男性は少しの間、志保を見つめた後、膝の上の三毛猫を優しく下ろした。


「香水、何使ってます?」


「え?」


「それと、柔軟剤。服から、かなり強い香りがする」


志保は思わず自分の袖口を嗅いだ。今朝、念入りに香水をつけたし、洗濯には新発売のプレミアム柔軟剤を使った。良い香りのはずなのに。

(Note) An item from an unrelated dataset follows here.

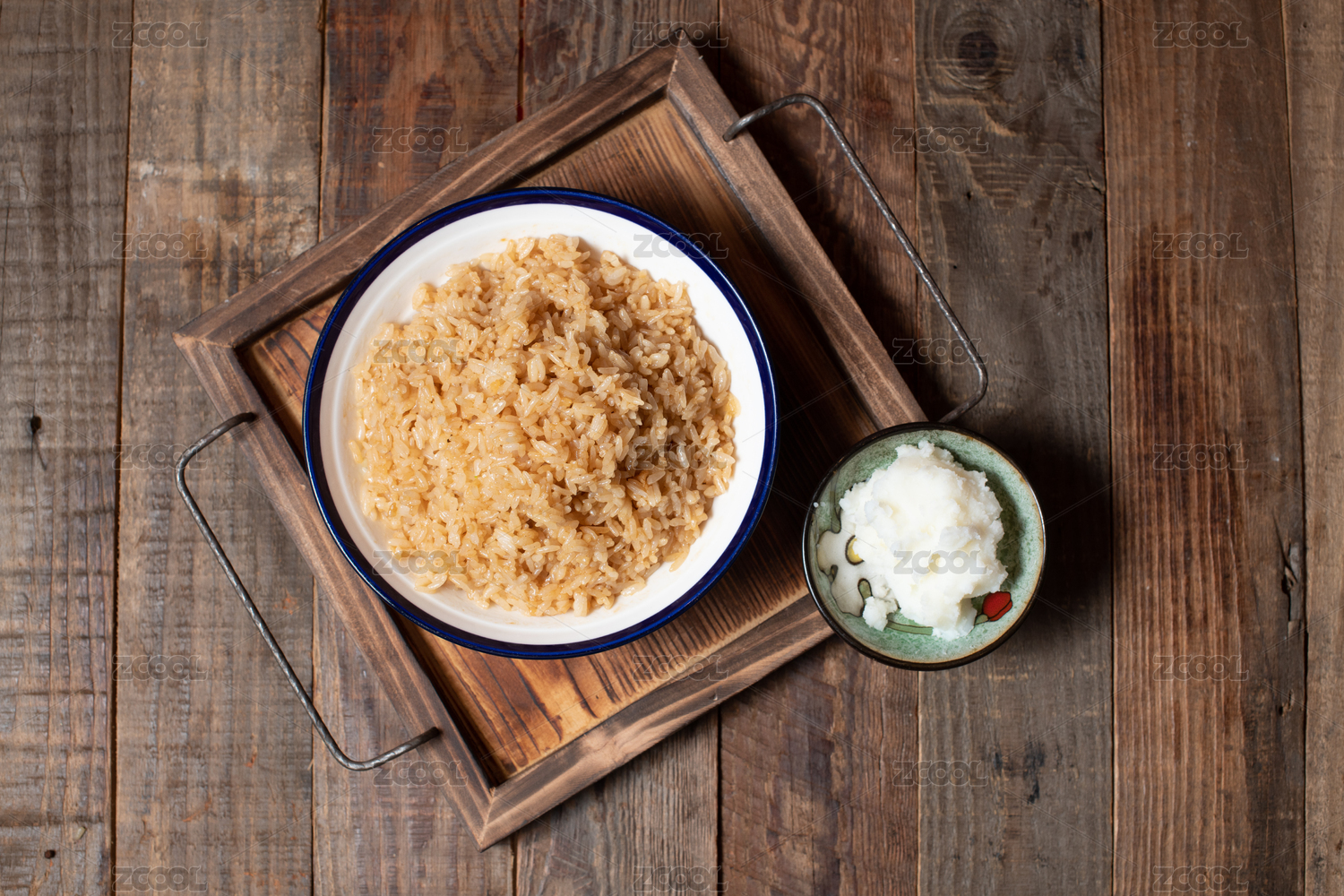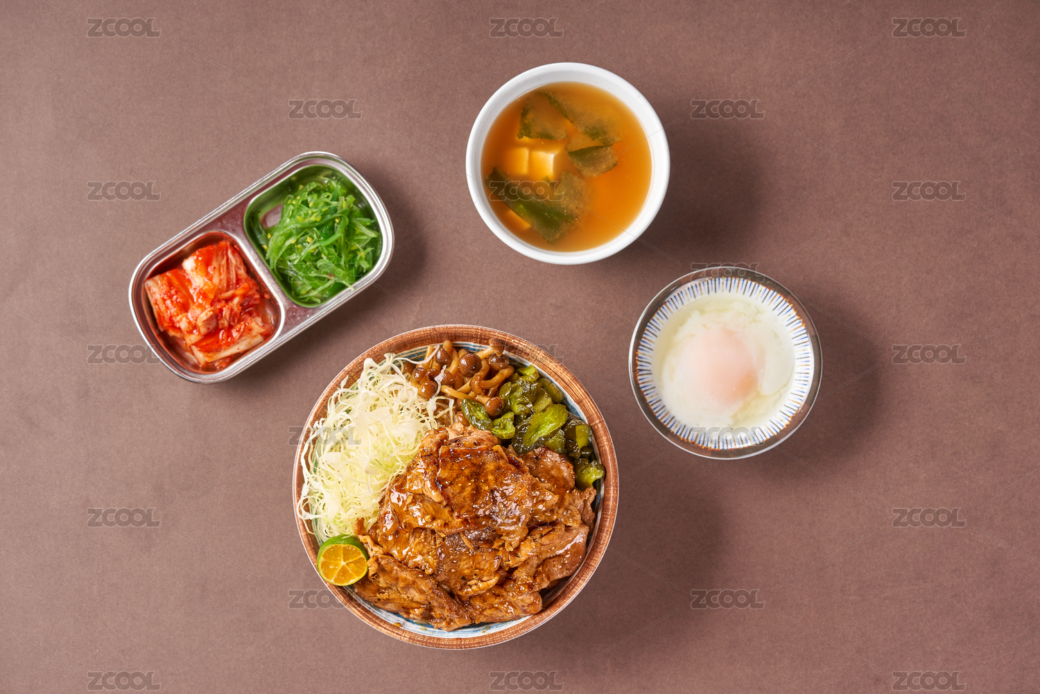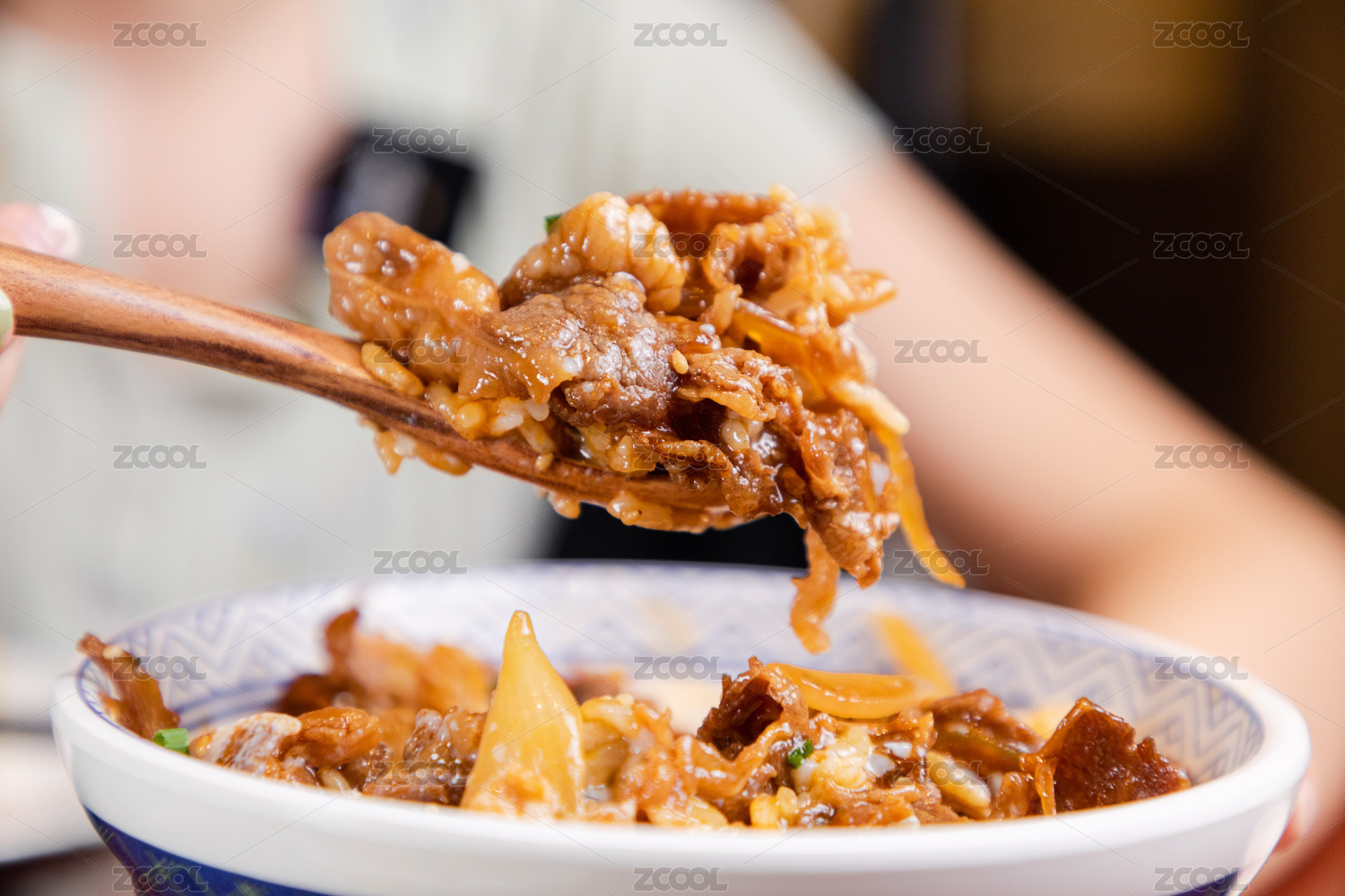 一碗日料牛丼飯放在桌子上

「猫は、強い匂いが苦手なんです。特に人工的な香料は」


「でも、良い香りって、人に好感を……」


「猫は人じゃない」


男性はあっさりと言い切った。


「猫に好かれたいなら、まず香水をやめること。柔軟剤も無香料に変える。それから──」


男性は志保の立ち姿を見て、続けた。


「もっとリラックスしてください。今のあなた、すごく緊張してる。その緊張が猫に伝わってる」


「緊張なんて──」


「してます。肩に力が入ってるし、呼吸も浅い」


図星を突かれて、志保は言葉に詰まった。


「あと、猫を見る時の目つきも、少し怖い」


「怖い!?」


「真剣すぎるんです。猫からしたら、獲物を狙う捕食者みたいに見える」


志保は思わず美咲の方を見た。美咲は必死に笑いを堪えている。


「つまり私、猫に……」


「嫌われる要素、全部揃ってますね」


男性は悪気なく、事実を淡々と述べた。


志保の脳裏に、今朝の自分の姿が浮かんだ。香水をたっぷりつけて、「今日こそ猫を撫でる!」と意気込んで、ギラギラした目で猫を追いかけていた自分。


完全敗北だった。


「あの……お名前、聞いてもいいですか」


「月島蓮」


「月島さん、お願いします」


志保は深々と頭を下げた。


「私に、猫に好かれる方法を教えてください。弟子にしてください!」


周囲の客たちの視線が、一斉に志保に集まった。蓮は少しだけ困ったような表情を浮かべて、眼鏡のブリッジを押し上げた。


「別に、弟子とか、そういうんじゃ……」


「ここ、週に何回来られるんですか?」


「毎日」


「じゃあ、私も毎日来ます! 観察させてください!」


蓮は小さくため息をついた。そして、膝の上に戻ってきたサバトラ猫を撫でながら、ぼそりと呟いた。


「面白い人だな……」


志保には聞こえなかった。彼女はすでに、スマホのカレンダーアプリを開いて、「猫カフェ通い」の予定を入力し始めていた。